■ **PROVIDED DATA**

⁂

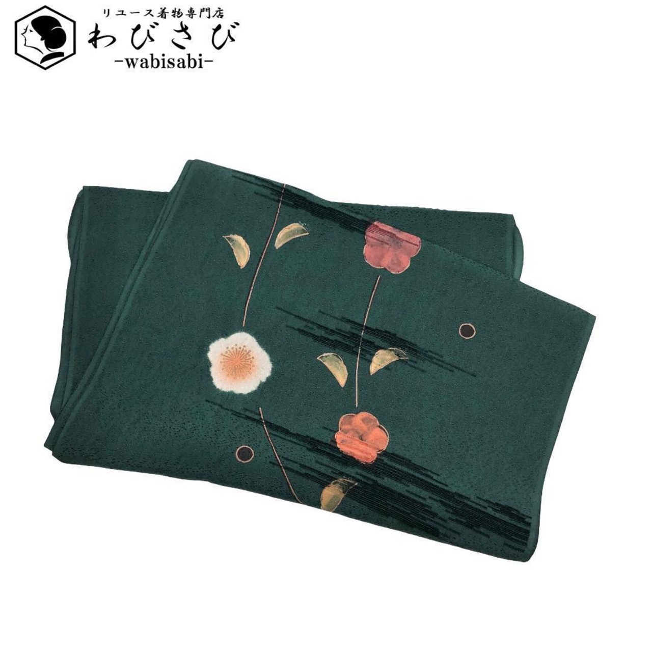 木賊色のお色味に手描きで花模様がデザインされた素敵なお品でございます。
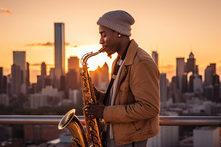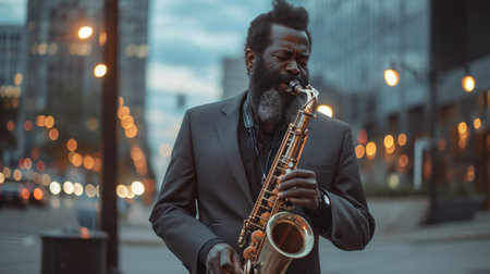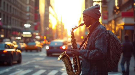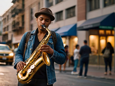 A musician with a saxophone delivers an emotive performance on city streets at sunset, merging art and urban culture
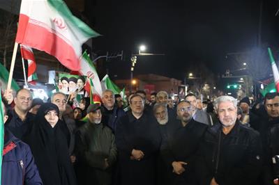 همزمان با بیستوچهارمین شب برگزاری تجمعات مردم و مسئولان در ارومیه، حجتالاسلام والمسلمین سیدمهدی قریشی نماینده ولیفقیه در استان و رضا رحمانی استاندار آذربایجانغربی همراه با دیگر مسئولان استانی و شهری و در فضایی صمیمی در میان شهروندان حضور یافتند.
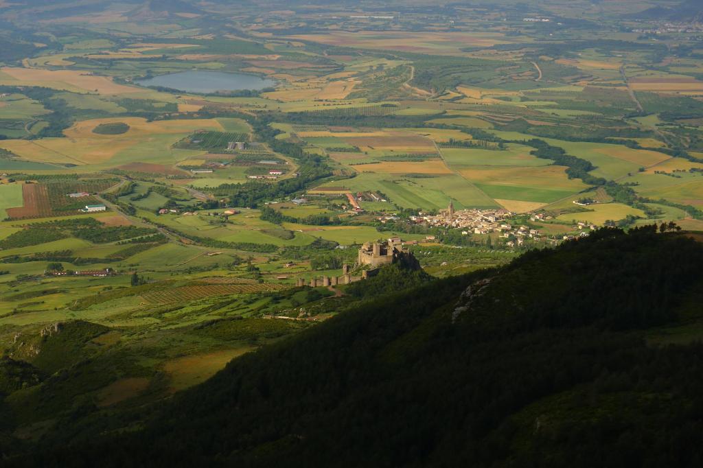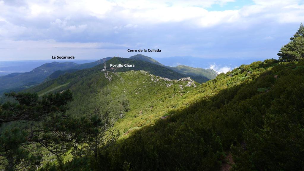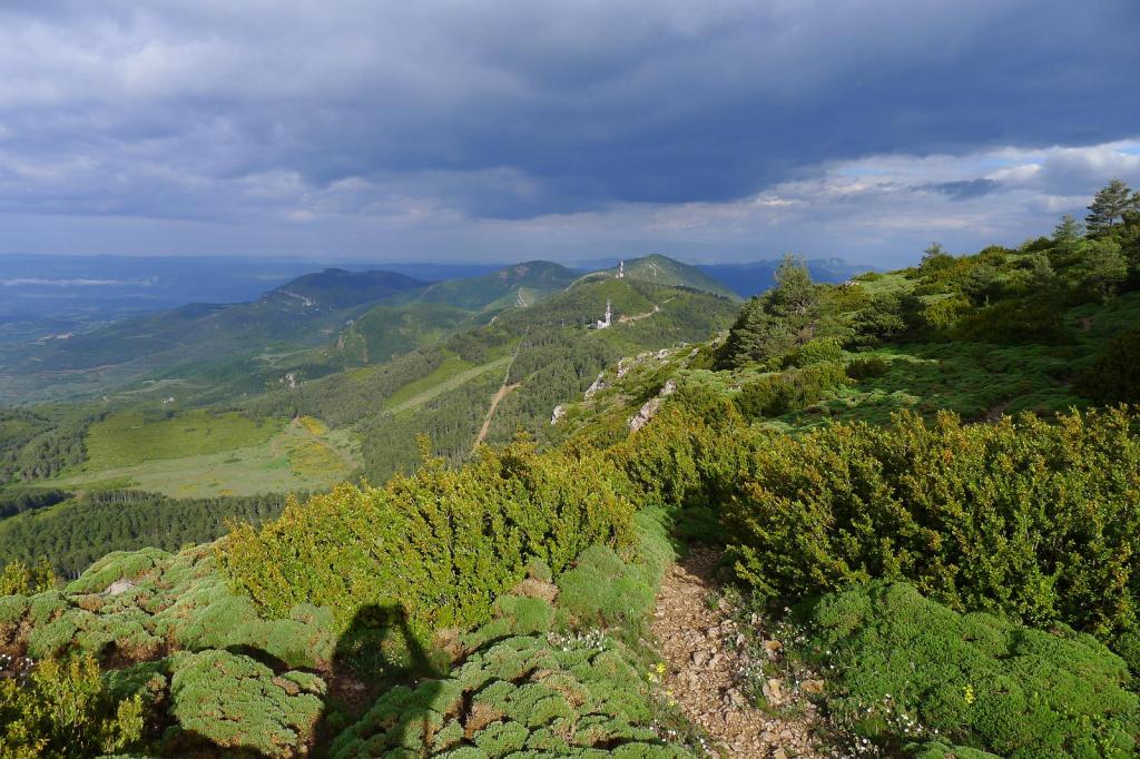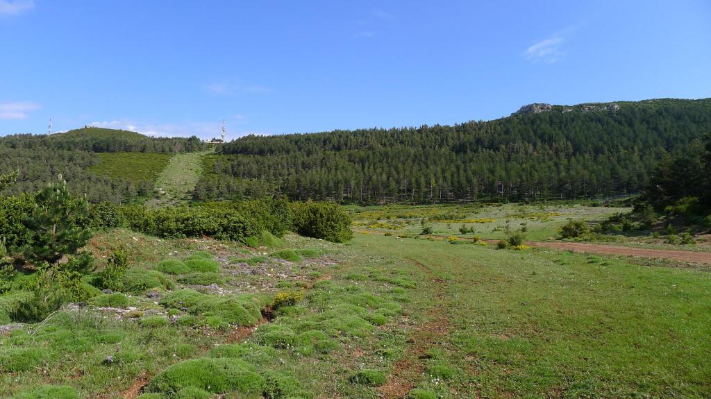 Al bajar, en la última bifurcación, voy a la derecha, hacia las antenas del portillo Chara. El sendero deja esta cresta y desciende, cruza una pista (1334m 1h46′) hasta desembocar en el plan de Lugas, donde hay un refugio (1278m 1h57′) en muy buen estado. Por estos prados se desdibuja un poco el camino. Llego a unos resaltes rocosos que constituyen un buen mirador (1160m 2h07′) del castillo. Enseguida llego a la primera bifurcación y desciendo al aparcamiento (1070m 2h16′)
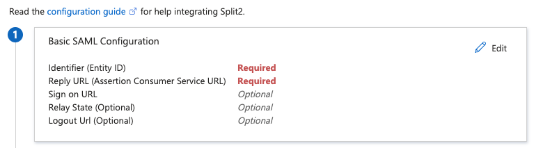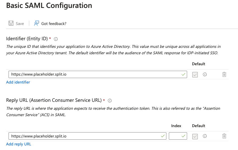 Navigate back to Azure and use the value for Assertion Consumer Service URL, provided in Split in the configuration parameters, into the Basic SAML Configuration box for Reply URL.

⁂

Your answer must be an exact copy of every entry, with the pictures left out.

 木賊色のお色味に手描きで花模様がデザインされた素敵なお品でございます。
 A musician with a saxophone delivers an emotive performance on city streets at sunset, merging art and urban culture
 همزمان با بیستوچهارمین شب برگزاری تجمعات مردم و مسئولان در ارومیه، حجتالاسلام والمسلمین سیدمهدی قریشی نماینده ولیفقیه در استان و رضا رحمانی استاندار آذربایجانغربی همراه با دیگر مسئولان استانی و شهری و در فضایی صمیمی در میان شهروندان حضور یافتند.
 Al bajar, en la última bifurcación, voy a la derecha, hacia las antenas del portillo Chara. El sendero deja esta cresta y desciende, cruza una pista (1334m 1h46′) hasta desembocar en el plan de Lugas, donde hay un refugio (1278m 1h57′) en muy buen estado. Por estos prados se desdibuja un poco el camino. Llego a unos resaltes rocosos que constituyen un buen mirador (1160m 2h07′) del castillo. Enseguida llego a la primera bifurcación y desciendo al aparcamiento (1070m 2h16′)
 Navigate back to Azure and use the value for Assertion Consumer Service URL, provided in Split in the configuration parameters, into the Basic SAML Configuration box for Reply URL.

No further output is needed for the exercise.